- Born: Yusuf Awni Hannun September 18, 1955 (age 70) Saudi Arabia
- Occupation: Medical researcher
- Known for: Sphingolipid signaling and metabolism

= Yusuf A. Hannun =

American lipid and cancer researcher

Yusuf Awni Hannun (born September 18, 1955) is an American molecular biologist, biochemist, and clinician. He is known for the discovery that sphingolipids have signaling functions.

== Early life ==
Yusuf Awni Hannun was born in Saudi Arabia of Palestinian parents, Mrs. Aida Ashur-Hannun and Dr. Awni Hannun. He received his early education in Beirut at the International College and earned a Bachelor of Science at the American University of Beirut in 1977. Following his undergraduate degree, Hannun continued at the American University of Beirut, obtaining an MD with distinction in 1981 and completing his internship and a residency in internal medicine

== Discovery of sphingolipid signalling ==
In 1983, Hannun left Lebanon to take up specialty training at Duke University with a fellowship in hematology and oncology as well as undergoing post-doctoral training in Biochemistry under Professor Robert Bell. It was during this time that Hannun made the initial discovery that protein kinase C was inhibited by sphingosine, showing a bioactive effect for a sphingolipid for the first time and suggesting that "a role for sphingolipids in transmembrane signaling may emerge". Prior to this discovery, sphingolipids had primarily been thought to be inert, structural components of cell membranes. Subsequent work by Hannun and his laboratory demonstrated the turnover of sphingolipids in response to cell stimuli, analogous to phosphoinositide turnover, and the linking of sphingolipids, most notably ceramide, to biologies such as cell death, growth arrest, and differentiation. These early studies by Hannun and his colleagues ushered in a period of broader investigation on sphingolipid metabolism and function.

== Subsequent career ==
In 1998, Hannun moved to the Medical University of South Carolina (MUSC) to be Chair of Biochemistry and Molecular Biology, holding the Ralph F. Hirschmann Chair of Biomedical Research, and serving as Deputy Director of the Hollings Cancer Center. While at MUSC the center was noted by the National Cancer Institute as NCI-designated. At that time there were only sixty such designated centers in the United States.

In 2012, Hannun was recruited to be Director of the Cancer Center and Vice Dean for Cancer Medicine at Stony Brook University. He is also co-director of the Kavita and Lalit Bahl Center for Metabolomics and Imaging, a major program focused on the study of lipids, metabolism, and imaging in Cancer Biology and Therapeutics.
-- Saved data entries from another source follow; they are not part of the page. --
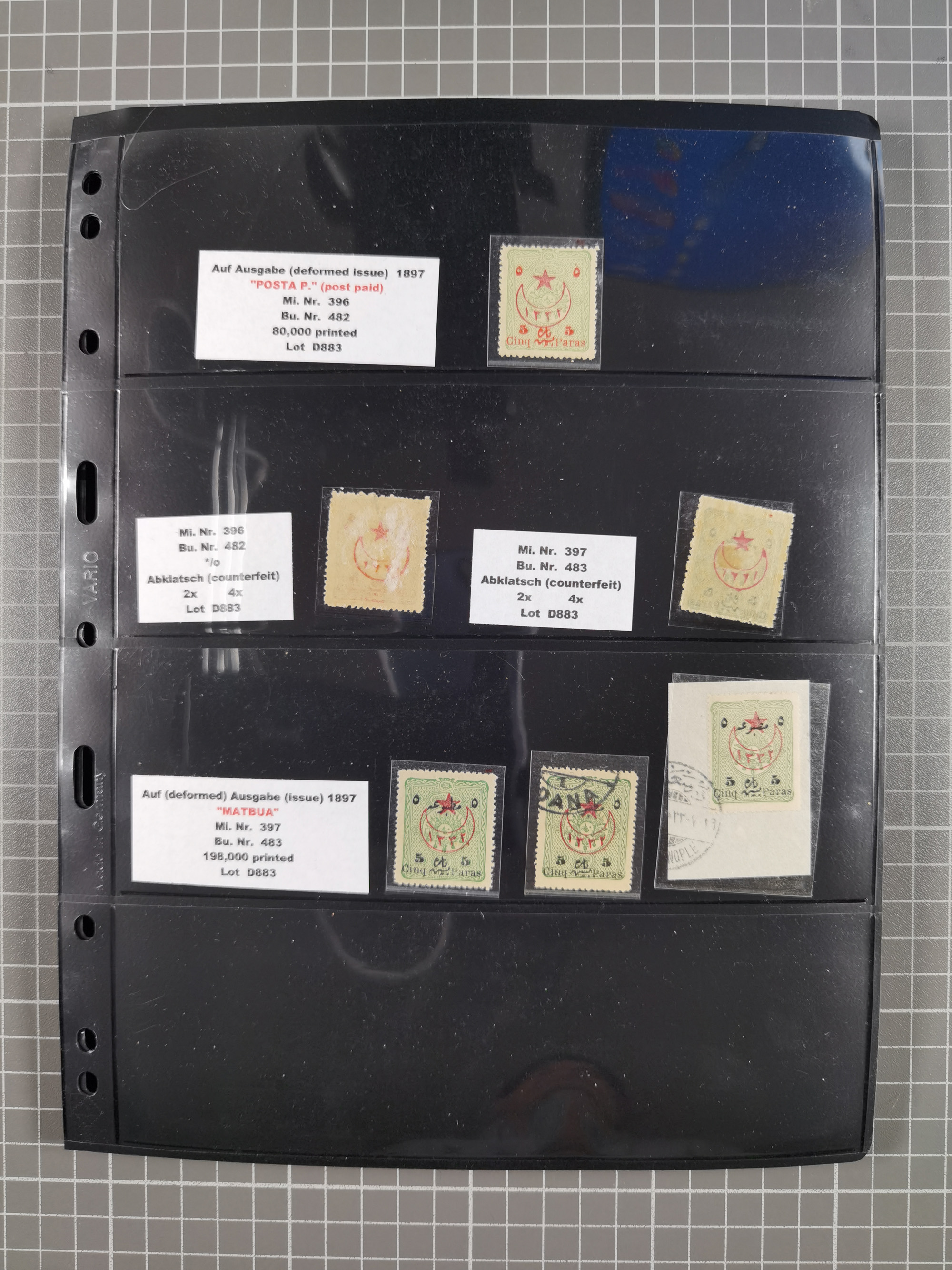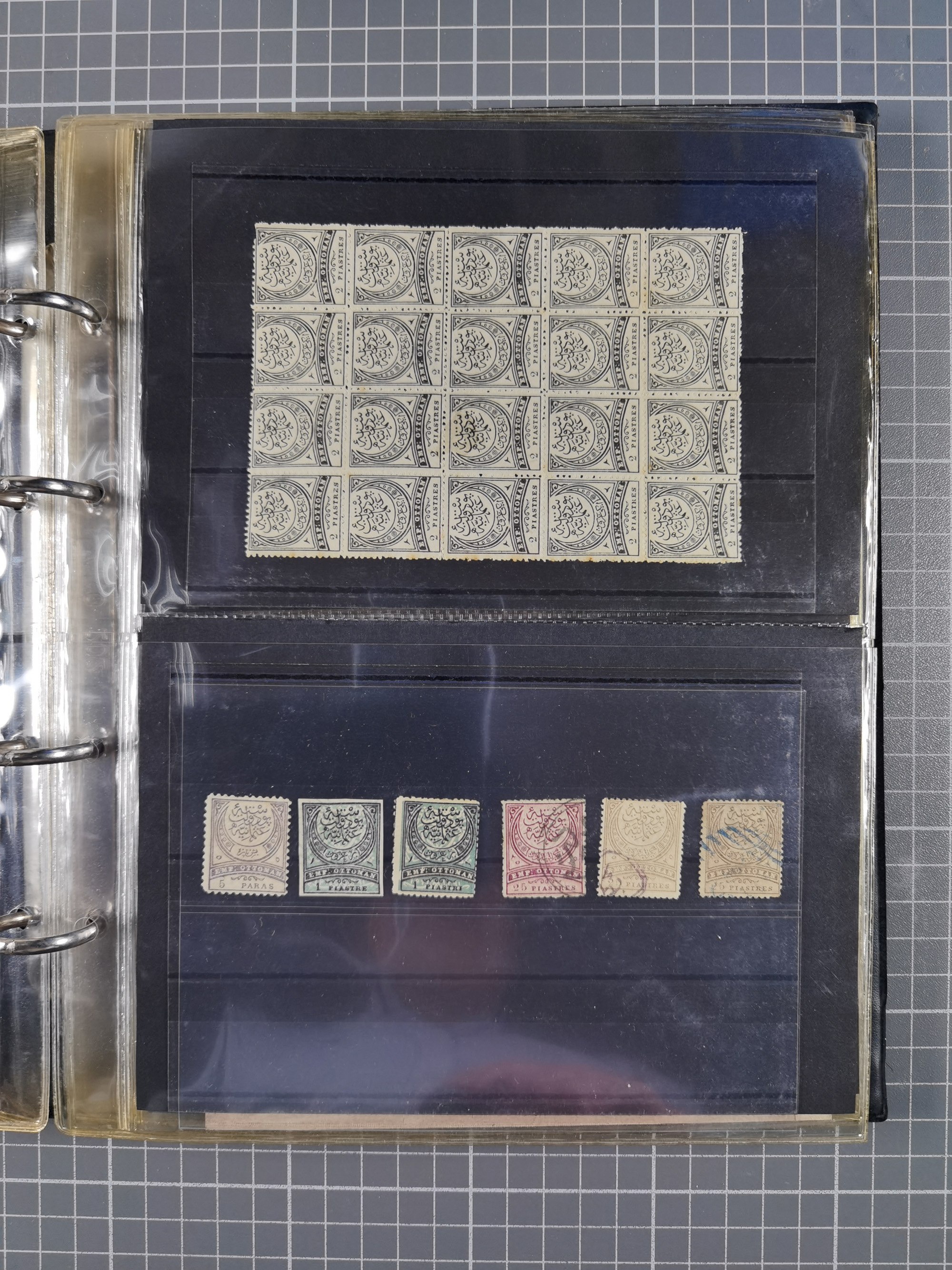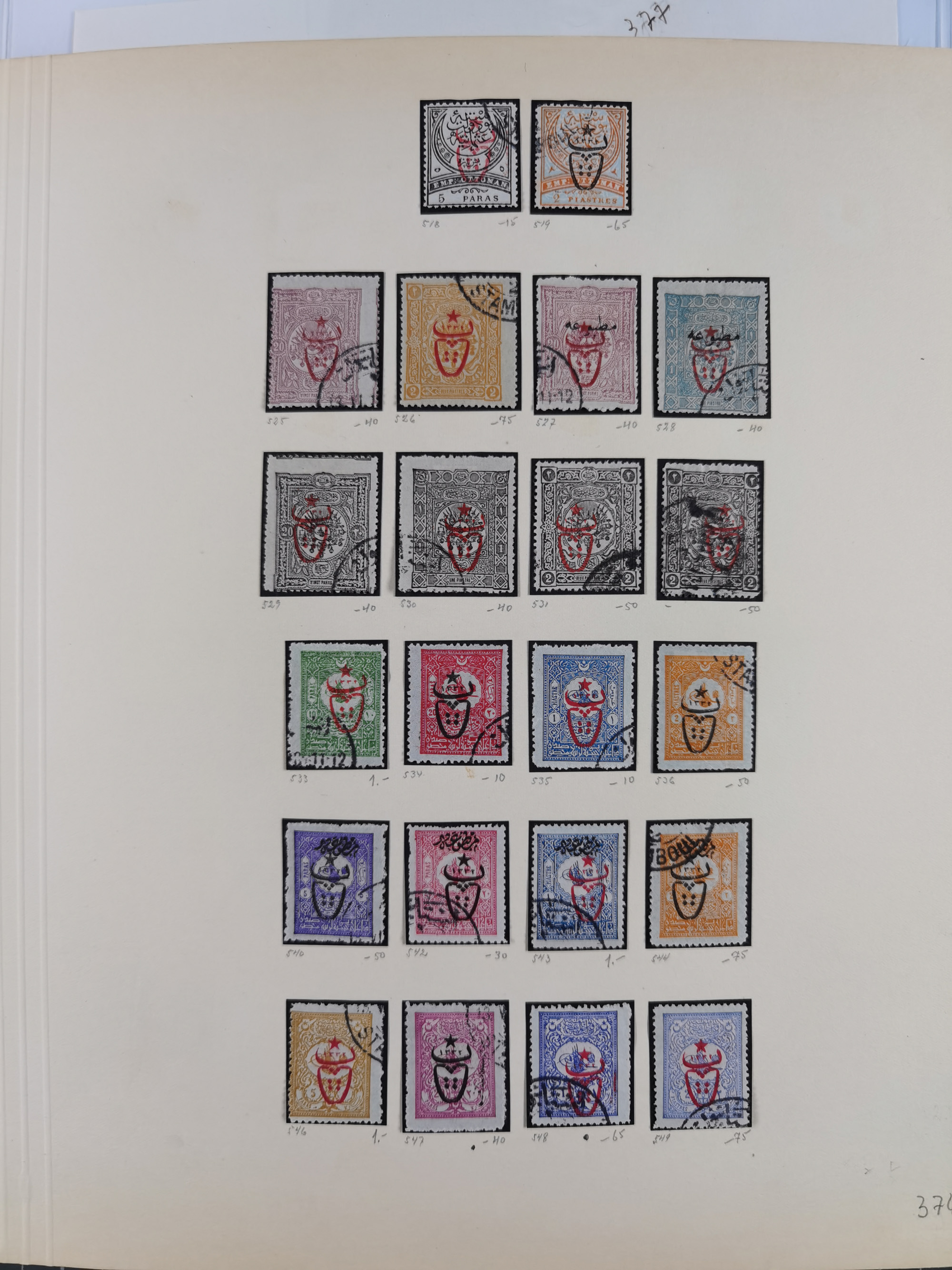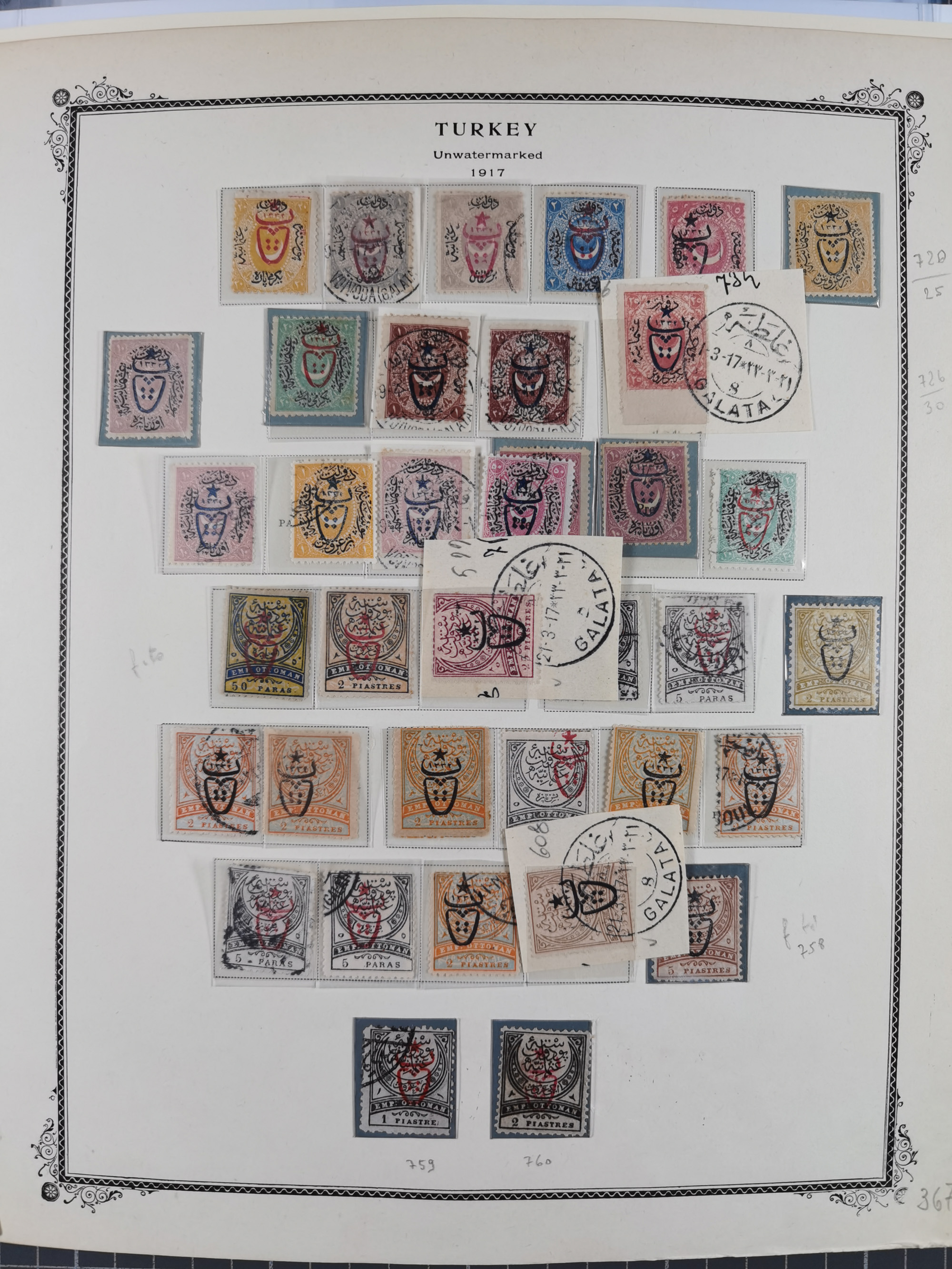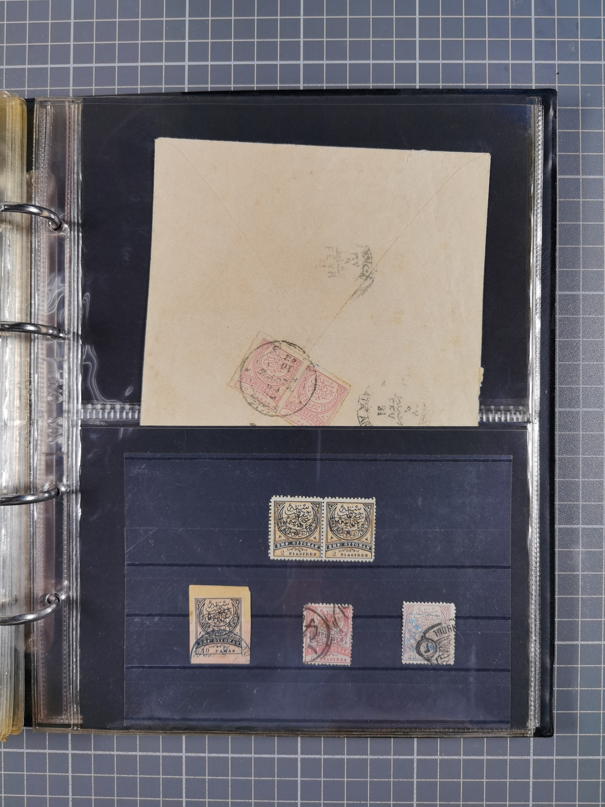 1865/1980 (ca.), Collection of mostly excellent copies of the “Duloz” issues with nice and clear cancellations in a very lovingly designed album, 1 pia. yellow 1871 corner margin block of 15, ‘Arabkir’ on 1875 block of nine, ship cancels ‘Vapur’ and numeral railway marks, 1, 2, 3 and 6 of Smyrna Aidin railway. Lost territories with clear cancellations of Irak, Bulgaria, Greece with islands, Lebanon & Palestine, Albania and Yugoslawia, nice pieces and multiples, neatly in two albums, plus 22 Duloz envelopes. Coles & Walker handbooks Part 1, 2 and 4.
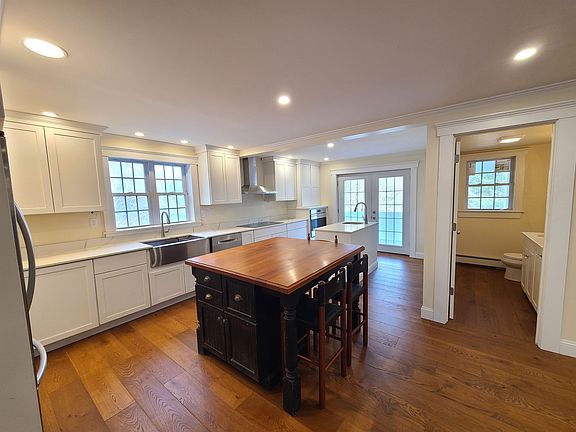 Completely renovated 4 bedroom 3.5 bath cape on a beautiful 7 acre corner lot in Greenfield. Nothing has been over looked in this renovation. New roof, siding, windows, boiler, water heater, and septic system! Open concept kitchen / living room with custom cabinets, quartz countertops, hardwood floors and grand fireplace. Generously sized primary bedrooms on both first and second floors, each with full bathrooms featuring walk-in showers. All bathrooms are upgraded with tile floors and showers. Lots of space throughout this home to spread out and make your own. Large front farmers porch and additional covered porch off kitchen. Mudroom entry area to store all the coats and shoes. Showings begin Sunday November 12th at 11 am open house.
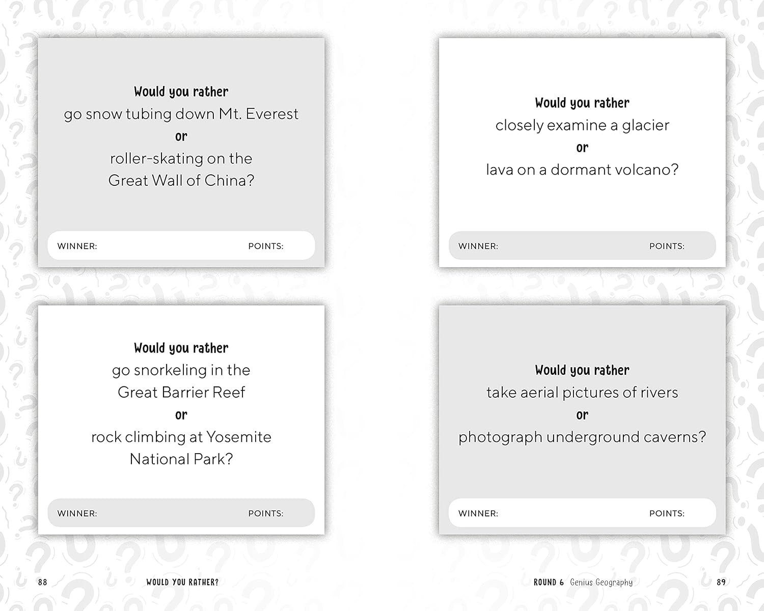 Whether a gift for yourself, a family member, or a good friend, Would You Rather? Family Challenge! Edition will keep everyone entertained for hours!
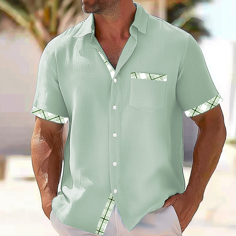 Men's Geometric Check Grid / Plaid Shirt Button Up Shirt Short Sleeve Fashion Casual Outdoor Vacation Daily Summer Turndown 3D Print Linen Like Shirt Pink Blue Green
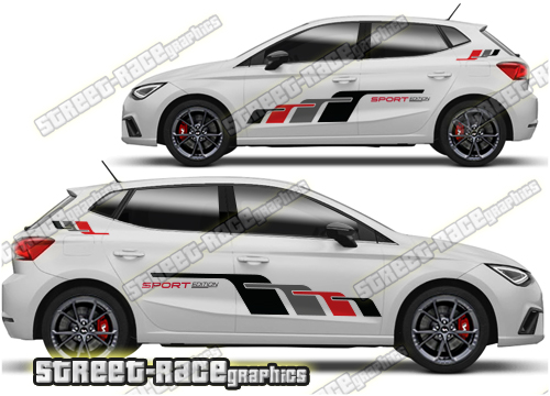 Seat Ibiza graphics. These large race-inspired decals are perfect for both street, rally and track-day cars. They are a universal fit to suit all Seat Ibiza cars and facelift variants from MK4 onwards. There are no cutouts for the door handles, wheel arches or door lines; these will require trimming during fitting.
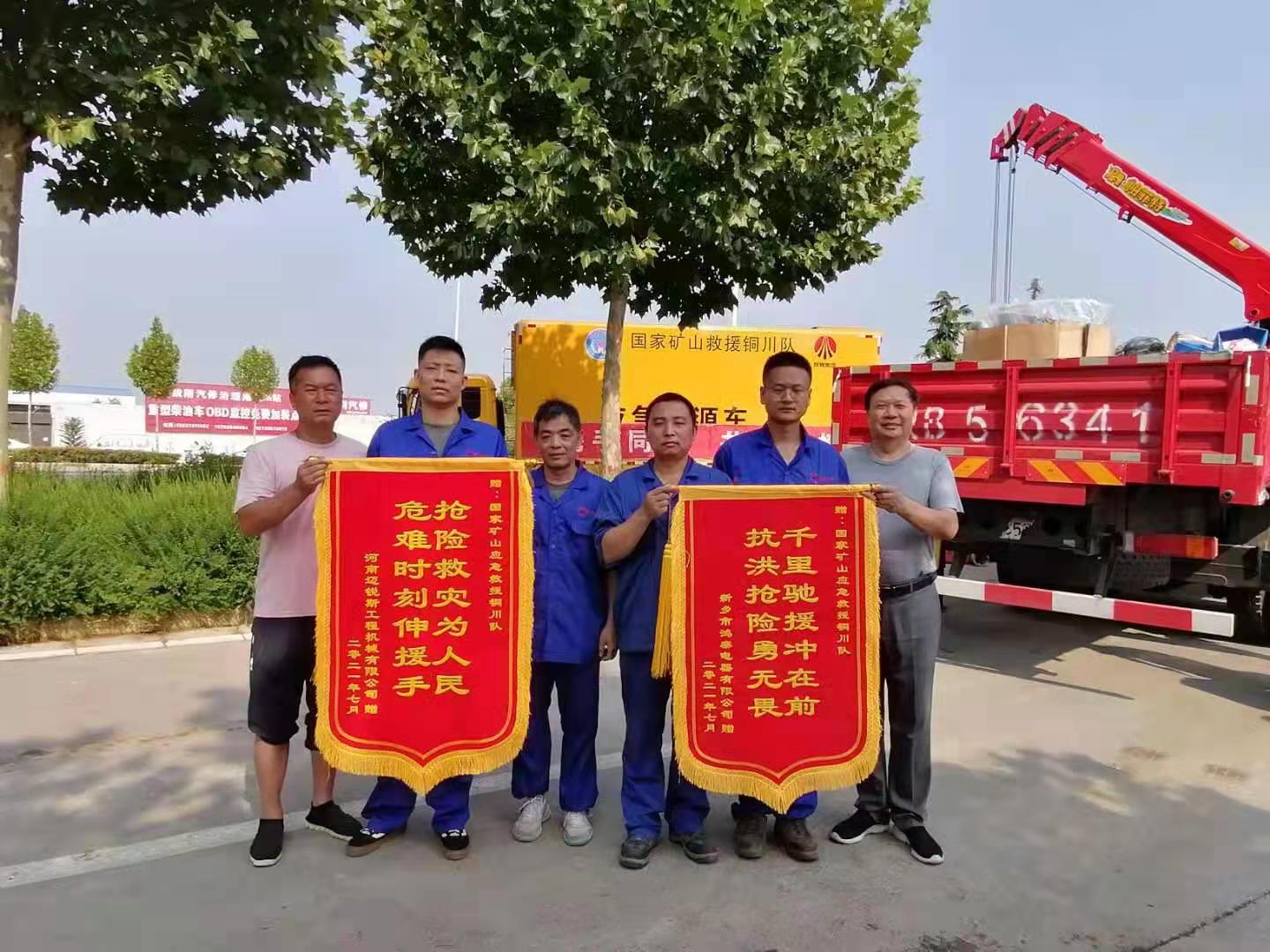 真心感謝你們,你們辛苦了......被積水圍困多日的廠區(qū)負責人將兩面印有“危難時刻伸援手,搶險救災為人民”、“抗洪搶險勇無畏,千里馳援沖在前”的錦旗送到了欣盛公司搶險隊員的手中,以此表達對他們的感激之情。

Under Hannun's leadership, cancer research and care at Stony Brook has expanded, including the establishment of a new department of bioinformatics to use computer technology to collect and analyze biological data. This culminated in the opening of the Medical and Research Translation (MART) facility in 2019, which enables scientists and clinicians to work in close proximity, to help advance cancer research and rapidly translate basic research findings into new clinical tools and therapies.

== Research Contributions, honors and awards ==
In the field of bioactive sphingolipids, Hannun has contributed over 500 academic research articles and reviews, and published a number of books. In 2004, he was elected as a fellow in the American Association for the Advancement of Science. In 2006, he was given the South Carolina Governor's award for scientific research. In 2011, he was awarded the ASBMB Avanti award for excellence in research. The contributions of Hannun and his wife Lina M. Obeid to sphingolipid research were recognized by a Lifetime Achievement Award at the 16th International Conference on Bioactive Lipids in Cancer, Inflammation and Related Diseases - the first time that it was given as a joint award.

== Personal life ==
While at the American University of Beirut, Hannun met his wife Lina M. Obeid, a fellow physician scientist and biomedical researcher who also made seminal contributions to the sphingolipid field. Their triplet children, Reem, Marya, and Awni, have all found careers in research. Obeid died in November 2019 from complications of lung cancer.